IAG profit up but home, car cover to rise
INSURANCE Australia Group expects premiums for home and car insurance to rise by up to 10 per cent over the next 12 to 18 months, as it passes on the growing cost of meeting claims.
After recording a strong bounce in profits during the latest half, IAG said on Thursday that the cost of meeting claims continued to rise faster than inflation.
The costs from recent flooding and bushfires were within its allowances, but chief executive Mike Wilkins said "underlying longer-term cost trends" were likely to result in higher prices. "On a blended basis we could see prices moving in the 5-to-10-per cent range," Mr Wilkins said. The price pressure was not due to any individual event, but was being caused by continuing rises in costs such as salaries.
His comments came after IAG handed down earnings of $461 million in the six months to December, more than triple the result in the prior corresponding period.
The result was helped by strong growth in earnings from its core Australian and New Zealand operations, which helped expand group profit margins from 7.7 per cent to 19.9 per cent. Its Asian businesses, which include investments in Thailand, Malaysia, China and Vietnam, contributed almost 6 per cent of gross revenue from premiums.

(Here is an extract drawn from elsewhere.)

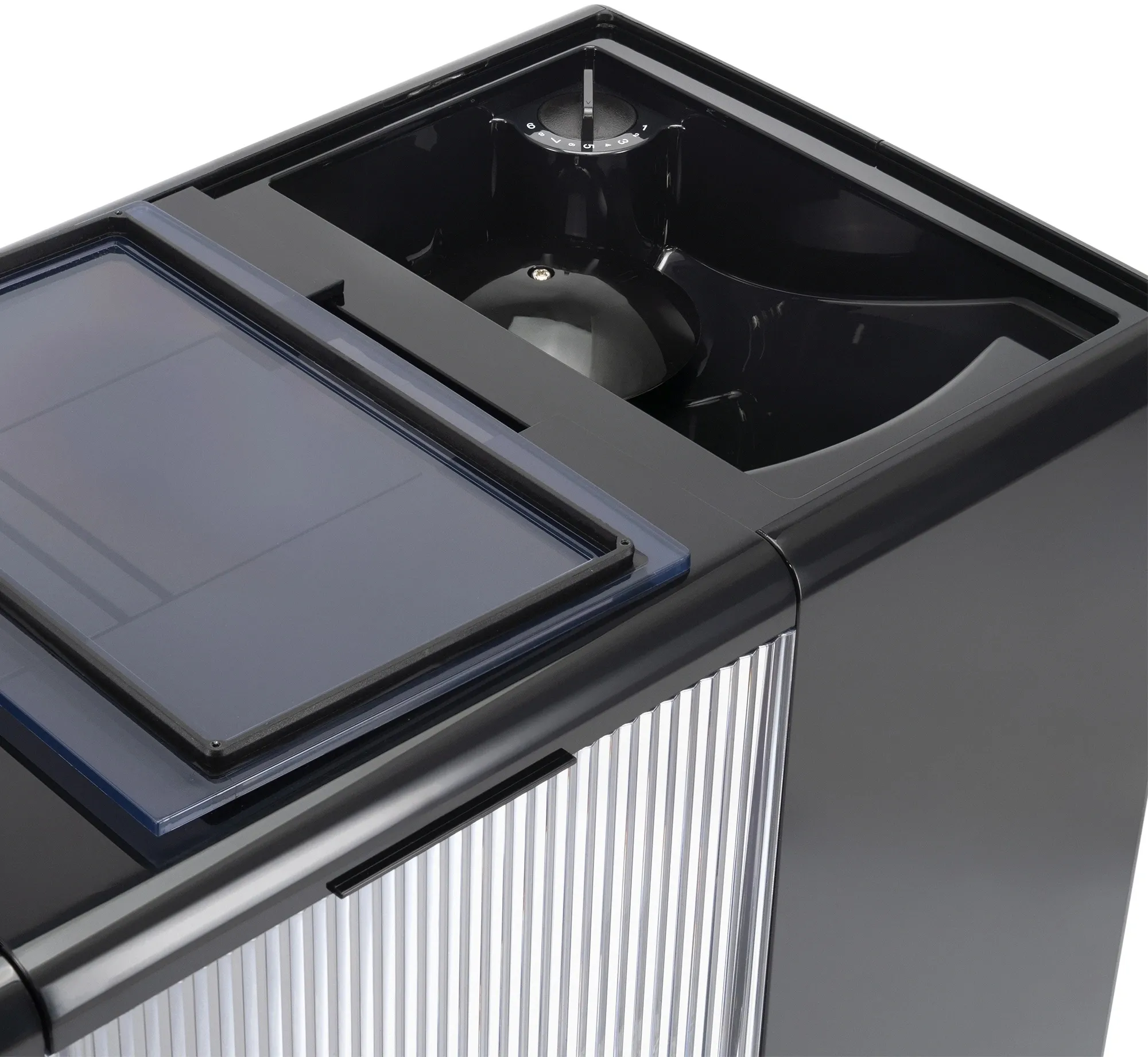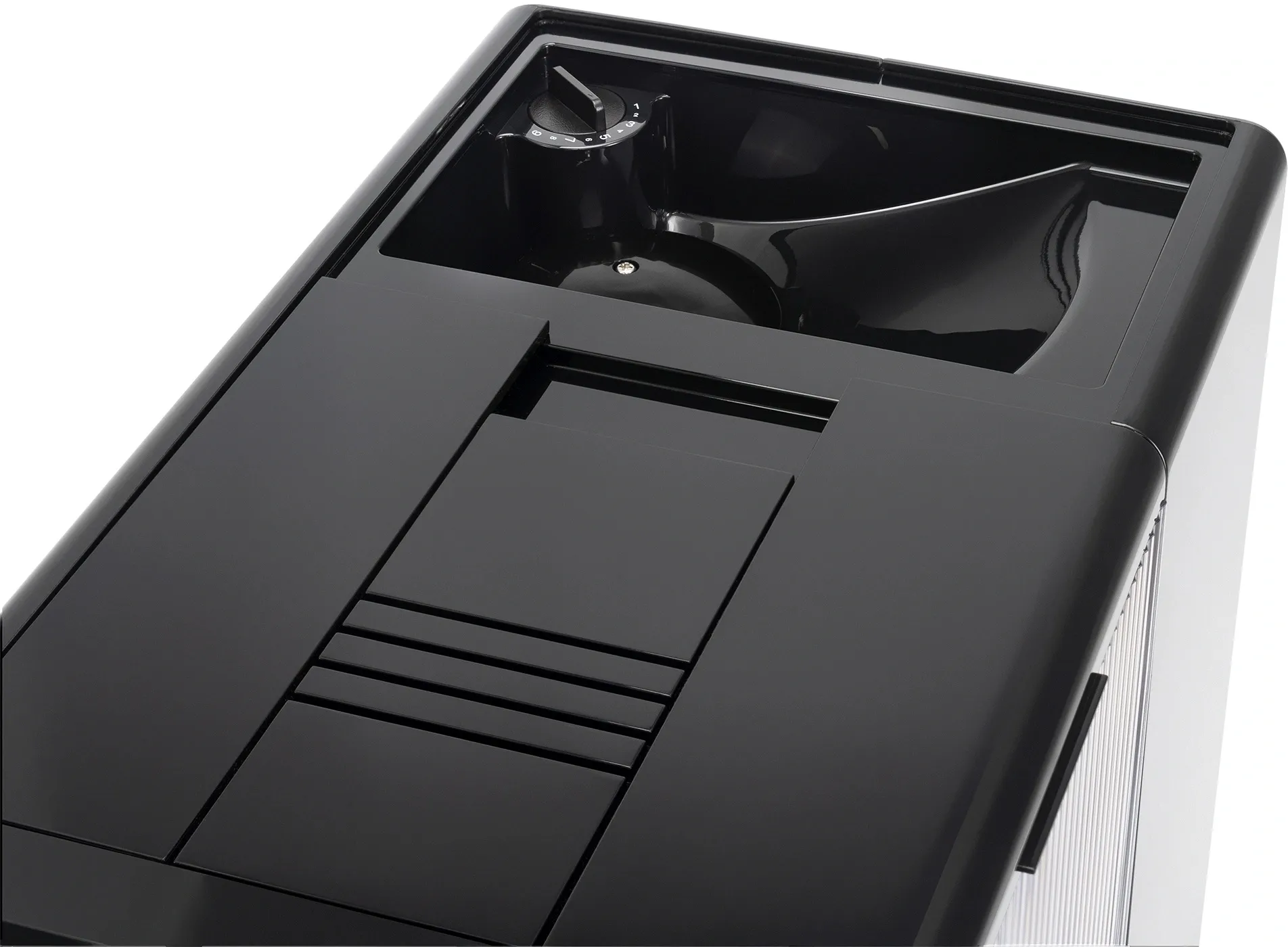 Количество молотого кофе можно регулировать самостоятельно: просто поверните ручку, фиксируя ее на определенном показателе от 2 до 12. Прибор оборудован съемными прозрачными контейнерами для зерен емкостью 250 г и для молотого кофе объемом 125 г. Особому удобству в использовании прибора способствуют прорезиненные ножки, которые не дадут

IAG, the group behind the NRMA, RACV and CGU brands, is the nation's biggest insurer of cars and homes.
Australian consumers are generally regarded as less likely to shop around for insurance than customers in some other countries, and analysts expect IAG will be able to pass on most of its price rises.
But an analyst at Nomura, Toby Langley, said that if wage growth were to slow it could result in increased "consumer activism" with individuals becoming more discerning about their insurance policies.
Investors welcomed the latest bounce in profits, lifting IAG shares by 15¢, or 2.8 per cent to $5.57.
Mr Langley said the strong reaction to IAG's profit result might have been influenced by the strength of its earnings from premium increases.
"The market seems to have underestimated the benefit of price rises that IAG has managed to put through its business in recent periods," Mr Langley said.
The bounce in earnings helped increase the group's capital ratio above its own benchmarks, but Mr Wilkins said that any talk of capital management, such as a special dividend, was "premature".